As part of the mayor’s plans to assemble the city’s first long-term diversity, equity and inclusion plan, Schor announced last week the formation of the Racial Justice and Equity Alliance. More than 40 people — all appointed by Schor — are now tasked with further developing city policies in tandem with attorney Teresa Bingman, who is being paid $63,000 for her consulting services.
The newly formed alliance will be led by Schor, Bingman, Police Chief Daryl Green and Human Relations and Community Services Director Kim Coleman. Representatives from the mayor’s cabinet, the boards of Fire and Police Commissioners, the Human Relations and Community Services Board and the existing Diversity and Inclusion Council will also reportedly pitch in.
Additionally, an “advisory committee” of 34 mostly Black community members have been appointed to one-year terms. Members include Lansing NAACP President Dale Copedge, Ingham Co. Health Officer Linda Vail and developer Joel Ferguson.
“Information and data obtained will be used to inform the revision of community-inspired police use-of-force policies and also develop a community-inspired racial justice and equity plan,” Bingman said, noting brainstorming efforts would eventually develop into meaningful changes.

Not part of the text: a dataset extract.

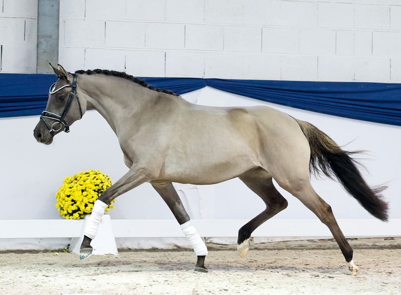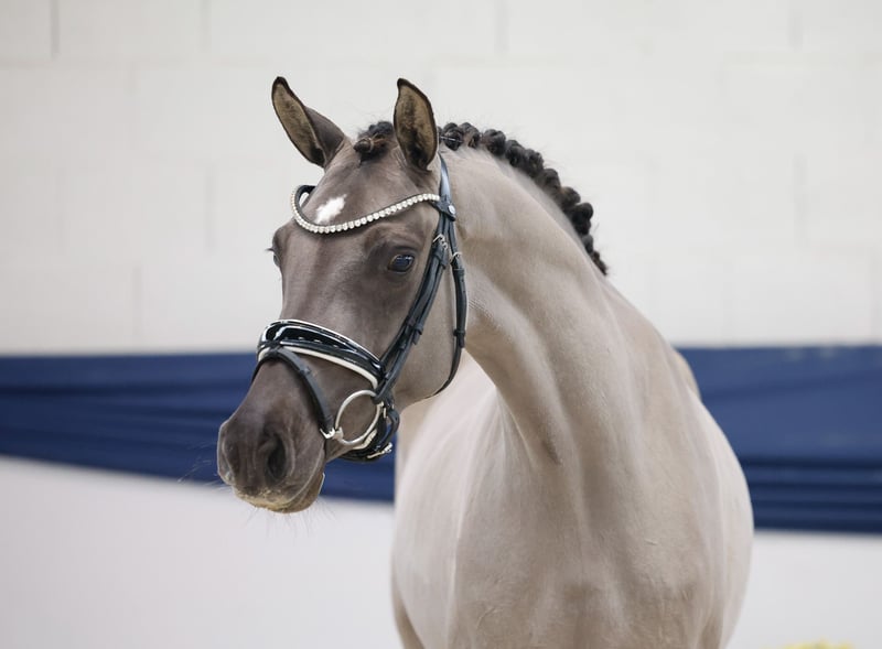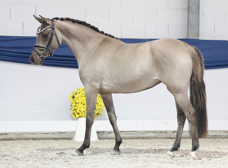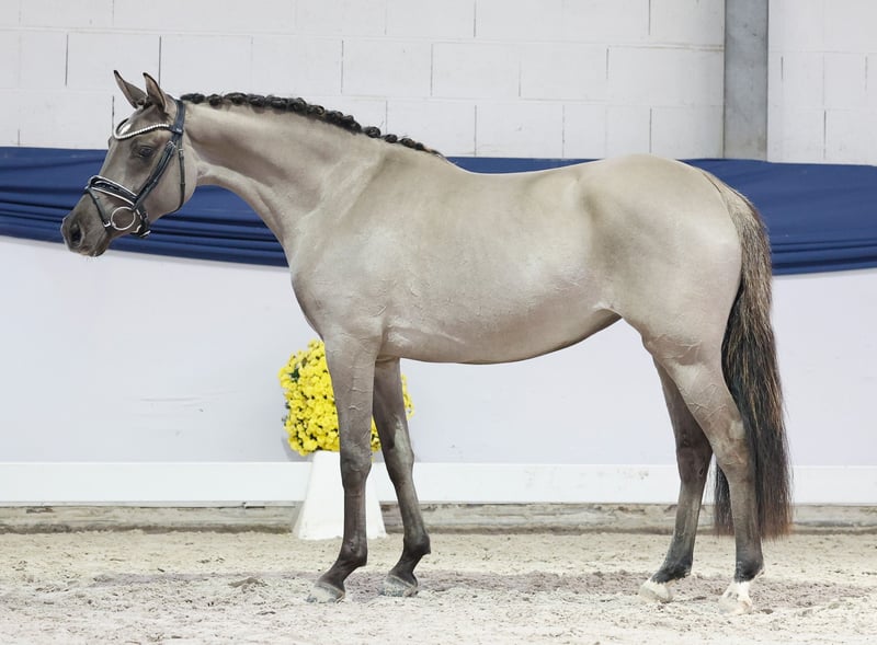 Nella nostra collezione trovi giovani selezionati con rigore, adatti a tutte le esigenze: pony da addestramento, da allevamento e pony per bambini. Puoi accedere all'intera collezione qui: https://ponyforum.auction Esiste il pony perfetto per i bambini? Onesto, socievole, sensibile, amichevole, generoso e con nervi d'acciaio? E magari anche bello? – Sì, eccolo! La puledrina grigia di tre anni Donna Lotta non si distingue solo per il suo colore speciale di grigio palomino. La sua personalità e il suo modo di essere sono altrettanto unici! Un pony solare, che racchiude tutto ciò che si desidera da un (futuro) pony di famiglia. Lotta è molto dolce nel maneggio, conosce già le prime esercitazioni di longe e può iniziare subito l’addestramento come pony da passeggio! Direttamente dall’allevatore.

Watkins said some board members have questioned the integrity of those efforts, given that they’ve already been ongoing in the city for more than a year with little meaningful progress.
“I can’t say I’m satisfied at this point either,” Watkins added. “But really, this is just a first step. As the saying goes, every journey begins with a first step. I’d say there has been a lack of communication between the board and the mayor, but I think we’re still on the right track.”
In additional to racial bias training in his office, Schor also pledged last month to reaffirm existing police policies on deescalating violence, exhausting non-lethal alternatives and reviewing use of force — all efforts that officials said have already long been in place at the Police Department.
Green also rolled out at least two policy reforms in the wake of recent social unrest. Local cops will no longer pull over drivers for minor infractions like broken taillights in an effort to curb unnecessary police contact. No-knock warrants have also been entirely banned.
But with secondary equipment violations only accounting for about 15% of traffic stops, and only three no-knock warrants included among 284 searches conducted over the last five years, the reforms made to date have only left a growing desire for truly meaningful operational changes.
Schor said the Diversity and Inclusion Council is designed to tackle broader, quality-of-life issues tied to social equity while the new taskforce carries a laser focus on curbing racism. Still, he understands how some of his original board could feel like their toes have been stepped on.
“This alliance is kind of a short-term group of people to focus on these racism issues,” Schor explained. “They’ll still work together. I also think we’ve had some good communication to bridge some of these gaps. I thought these communciation issues had been getting better.”
Schor said he had no personal involvement in the creation and organization of last week’s virtual community meeting, but he said he thought the Diversity and Inclusion Council had been consulted. He also said his ongoing plans for the city are also subject to change as more input arrives.
“This is a working document. We’re creating the roadmap to racial equity and we’re adding to it as we move along,” Schor said. “I’ve been to several of their meetings and worked with their leadership. I value their opinions and can absolutely review, evaluate and adjust as necessary.”
Schor called in Watkins and other members of the Diversity and Inclusion Council for a private “discussion with staff about moving forward” earlier this week, a city spokeswoman said. City Pulse wasn’t allowed to send a reporter, but a spokeswoman labeled it a “good conversation.”
“They discussed concerns and ways to best move forward,” she said without elaborating further.